### FlagEmbedding

In [6]:
from FlagEmbedding import FlagAutoModel

model = FlagAutoModel.from_finetuned('BAAI/bge-base-en-v1.5',
                                      query_instruction_for_retrieval="Represent this sentence for searching relevant passages:",
                                      use_fp16=True)

In [None]:
sentences_1 = ["I love NLP", "I love machine learning"]
sentences_2 = ["I love BGE", "I love text retrieval"]
embeddings_1 = model.encode(sentences_1)
embeddings_2 = model.encode(sentences_2)
similarity = embeddings_1 @ embeddings_2.T
print(similarity)

You're using a BertTokenizerFast tokenizer. Please note that with a fast tokenizer, using the `__call__` method is faster than using a method to encode the text followed by a call to the `pad` method to get a padded encoding.


In [1]:
from FlagEmbedding import FlagAutoModel
sentences_1 = ["今天的医保怎么报销？", "怎么交养老保险？
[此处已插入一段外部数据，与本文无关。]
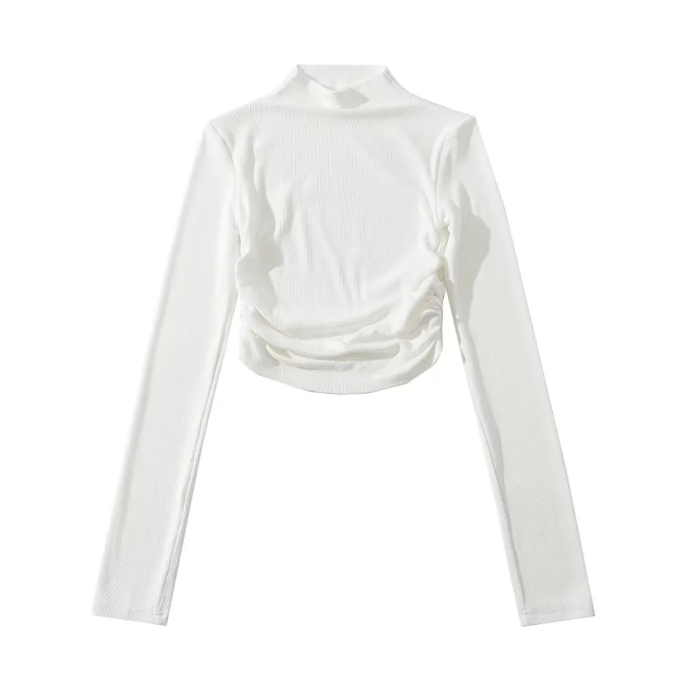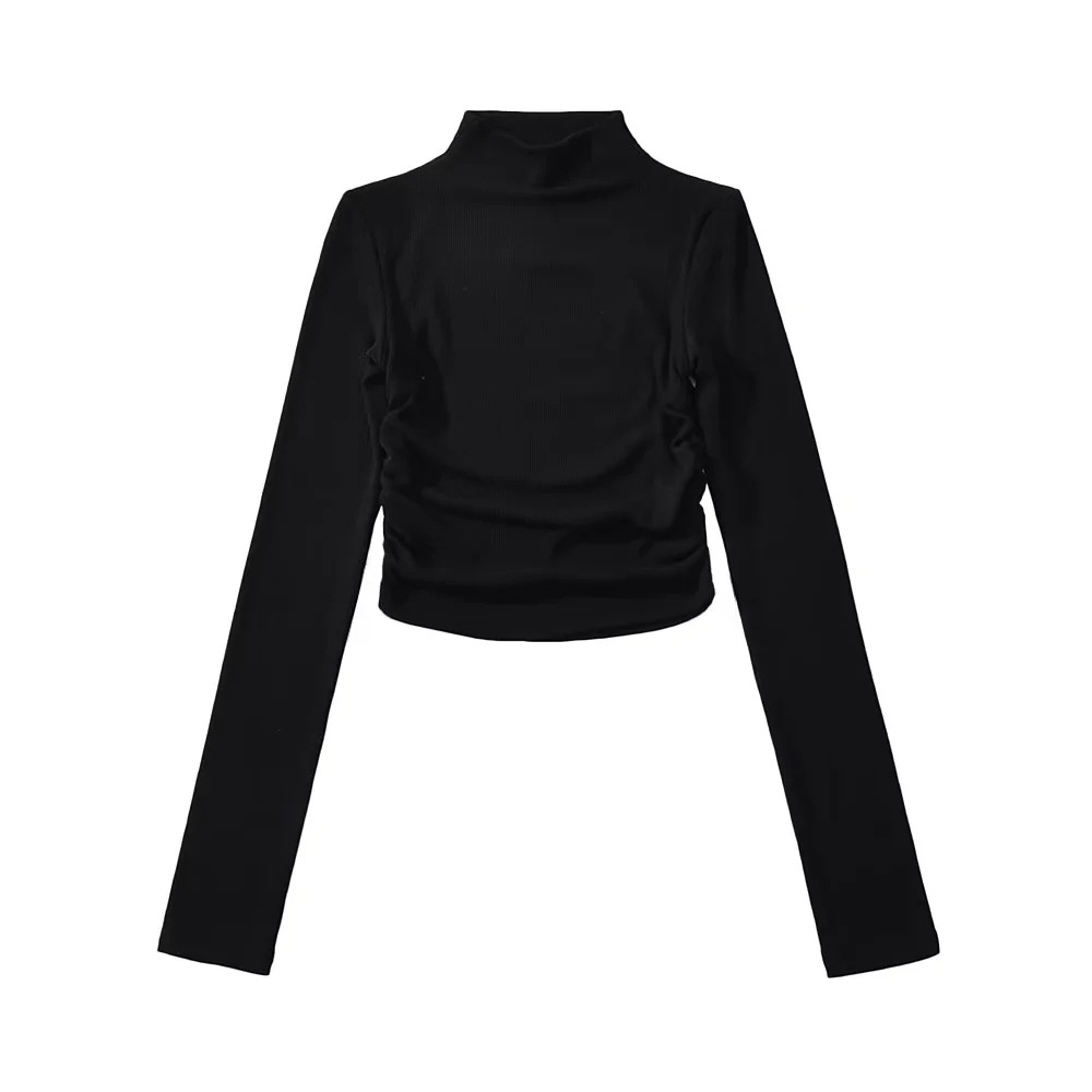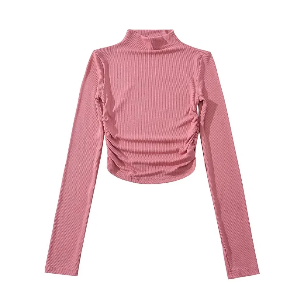 Маленькая однотонная Базовая рубашка с высоким воротом, Женская Новая эластичная облегающая футболка в европейском и американском стиле для девочек, Spice

"]
sentences_2 = ["医保报销流程说明", "养老保险缴费指南"]
model = FlagAutoModel.from_finetuned('BAAI/bge-large-zh-v1.5',
                                     query_instruction_for_retrieval="为这个句子生成表示以用于检索相关文章：",
                                     use_fp16=True
                                     ) 
embeddings_1 = model.encode(sentences_1)
embeddings_2 = model.encode(sentences_2)
similarity = embeddings_1 @ embeddings_2.T
print(similarity)

# for s2p(short query to long passage) retrieval task, suggest to use encode_queries() which will automatically add the instruction to each query
# corpus in retrieval task can still use encode_corpus(), since they don't need instruction
queries = ["今天的医保怎么报销？", "怎么交养老保险？"]
passages = ["医保报销流程说明", "养老保险缴费指南"]
q_embeddings = model.encode_queries(queries)
p_embeddings = model.encode_corpus(passages) 
scores = q_embeddings @ p_embeddings.T       
print(scores)

  from .autonotebook import tqdm as notebook_tqdm
You're using a BertTokenizerFast tokenizer. Please note that with a fast tokenizer, using the `__call__` method is faster than using a method to encode the text followed by a call to the `pad` method to get a padded encoding.


[[0.62978095 0.43070096]
 [0.44024277 0.7314134 ]]
[[0.6212836  0.4161198 ]
 [0.44911343 0.74316585]]


### SentenceTransformer

In [3]:
from sentence_transformers import SentenceTransformer
queries = ['query_1', 'query_2']
passages = ["样例文档-1", "样例文档-2"]
instruction = "为这个句子生成表示以用于检索相关文章："

model = SentenceTransformer('BAAI/bge-large-zh-v1.5')
q_embeddings = model.encode([instruction+q for q in queries], normalize_embeddings=True)
p_embeddings = model.encode(passages, normalize_embeddings=True)
scores = q_embeddings @ p_embeddings.T
scores

array([[0.33725077, 0.20507815],
       [0.22591075, 0.3849578 ]], dtype=float32)

### langchain

In [None]:
from langchain.embeddings import HuggingFaceBgeEmbeddings
model_name = "BAAI/bge-large-en-v1.5"
model_kwargs = {'device': 'cpu'}
encode_kwargs = {'normalize_embeddings': True}
model = HuggingFaceBgeEmbeddings(
    model_name=model_name,
    model_kwargs=model_kwargs,
    encode_kwargs=encode_kwargs,
    query_instruction="为这个句子生成表示以用于检索相关文章："
)
model.query_instruction = "为这个句子生成表示以用于检索相关文章："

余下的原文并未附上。